Pre-set lenses were a innovation back in the day that allowed you to view and focus your subject with a wide-open aperture. Once focused, you merely slide your aperture lever (the black one) gently back to where it bumps into the preset lever (the silver one on the lens). On my camera, I managed to break the preset lever on the 5.5mm Switar but that had no impact on the ability to use the lens. I merely lost that function. The pre-set silver lever does not actually affect the operation of the lens in any way. Just goes to show that these cameras are quite rugged even if you accidently jam then into your camera bag on hectic travels as I am apt to do.
In use, the lenses are best used with no filters of any kind. Utilize the variable shutter to reduce the light hitting the film on bright sunny days. You will also get sharper images as a result. The 12.5mm is a bit tight when used in normal conditions. I would have preferred a 9mm lens of some sort if there is such a thing. The 5.5mm lens is quite generous in its angle. The 36mm is best used with some type of support. My dream lens for this camera is the Vario-Switar that was available at one time. If you have one, I am interested! Send me an email.

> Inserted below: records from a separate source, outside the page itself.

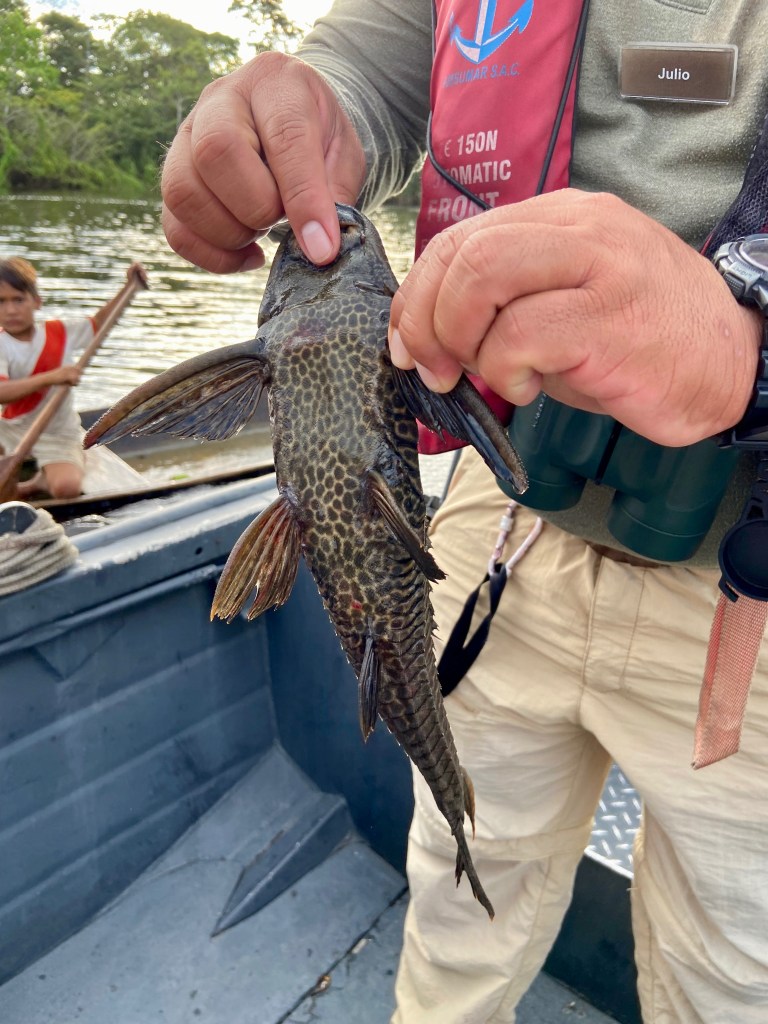 Julio brought the armored catfish inside our skiff and we got a look at the underside of the fish as well. It was spotted like a giraffe, an interesting contrast. Some of the other young fishermen had caught piranhas. They had bright red bellies. Julio gave us a close up look at the teeth on one of them.
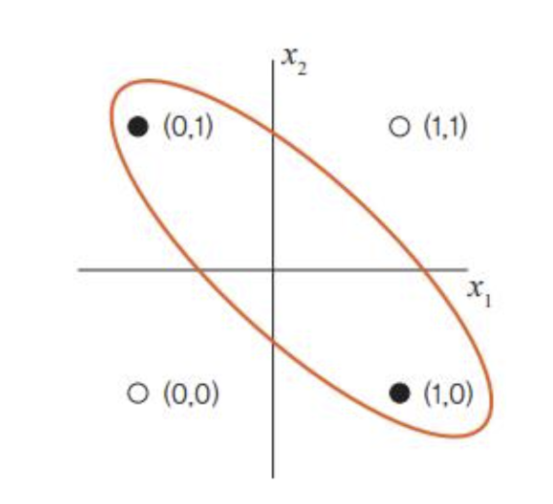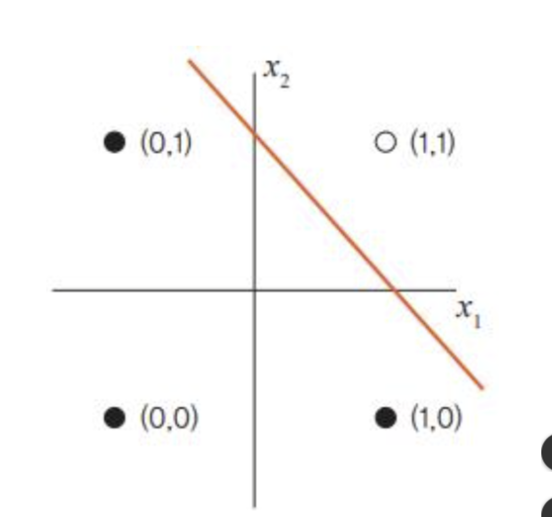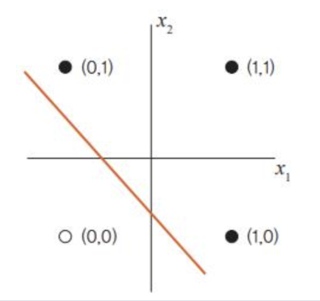 - 입력에서 둘 중 하나만 1이거나 둘 다 1일 때 작동. 즉, 입력 모두가 0을 갖는 경우를 제외한 나머지가 모두 1.
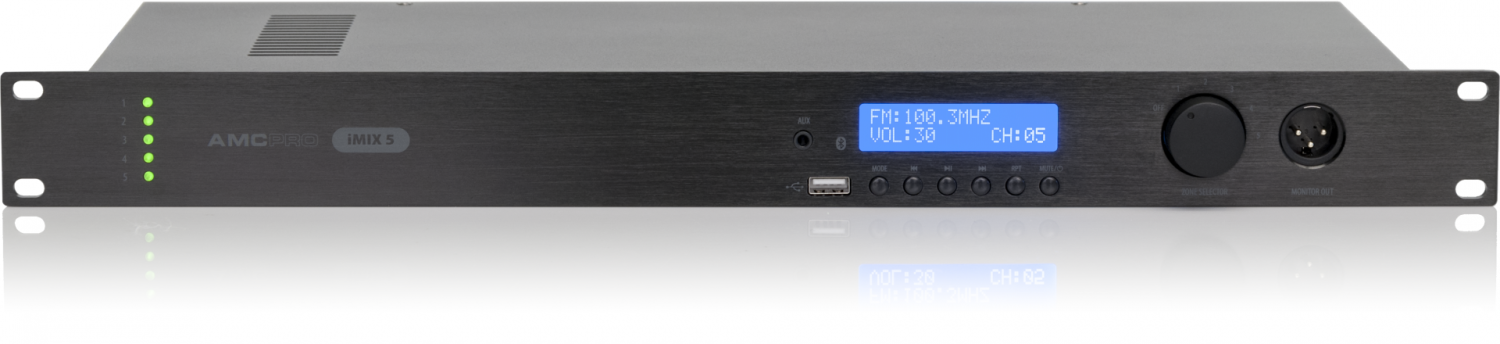 Router strefowy z 5 wyjściami stereo do sterowania dźwiękiem w wielu strefach. iMix5 posiada 4 wejścia źródeł audio, które można skierować do dowolnego z 5 dostępnych wyjść. Źródła w poszczególnych strefach można wybierać za pomocą selektora stref na panelu przednim, za pomocą sterownika naściennego lub poleceń RS232. IMix5 posiada wewnętrzny odtwarzacz multimedialny z USB, Bluetooth, odbiornikiem FM i wejściem AUX. Złącza wejścia priorytetowego i zewnętrznego wyciszenia do awaryjnych instalacji audio.
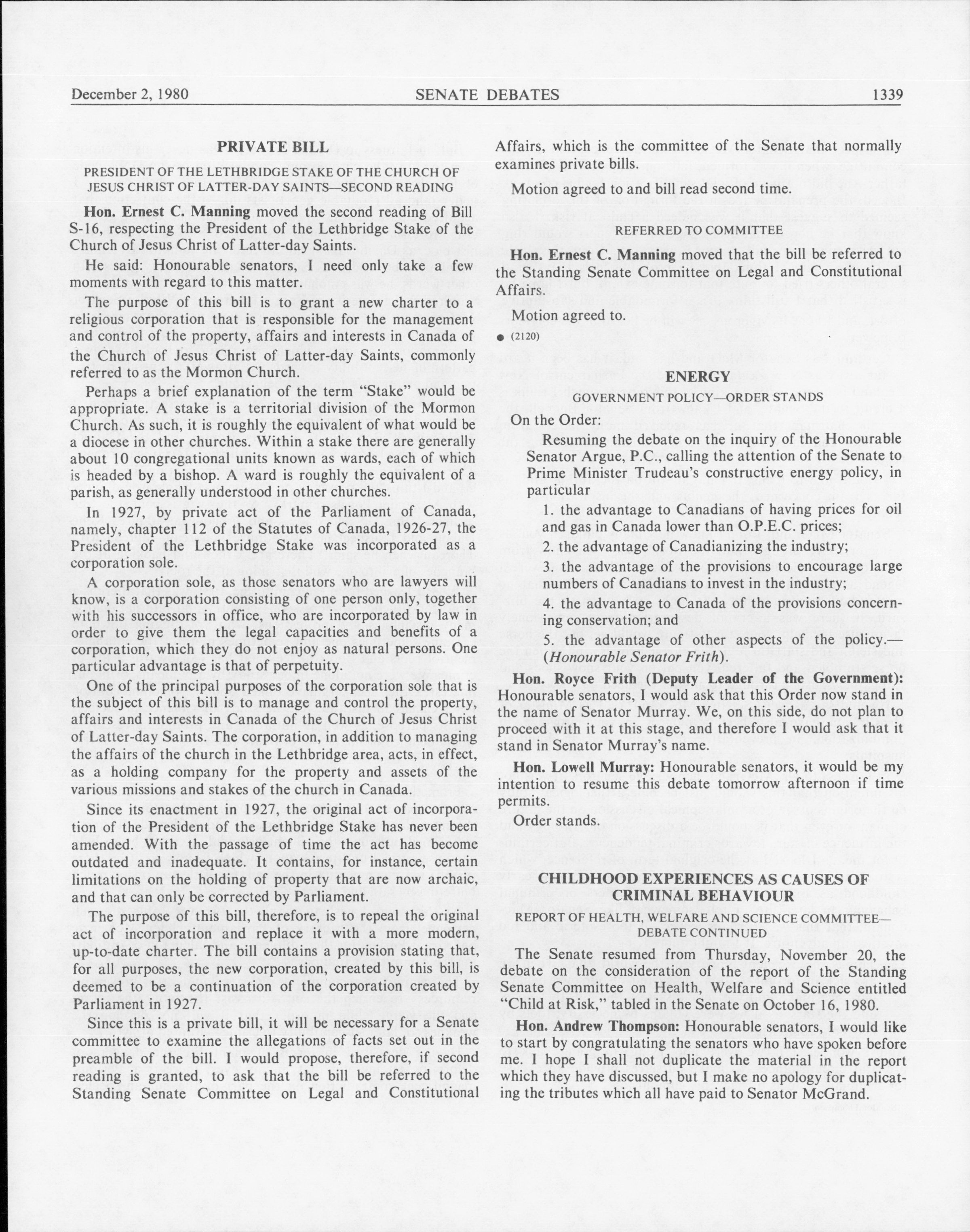 « Senate Debates, 32nd Parliament, 1st Session

To sum up, this camera has been my regular user for the past two years. Yes, I am giving up some resolution compared to that offered by super 8. However, since Ektachrome 100D is currently readily available in the regular 8mm format, it's a winner, hands down. I will revisit Ektachrome 64T and super 8 but for now, my Bolex H8 Reflex camera is my preferred camera of choice for many occassions.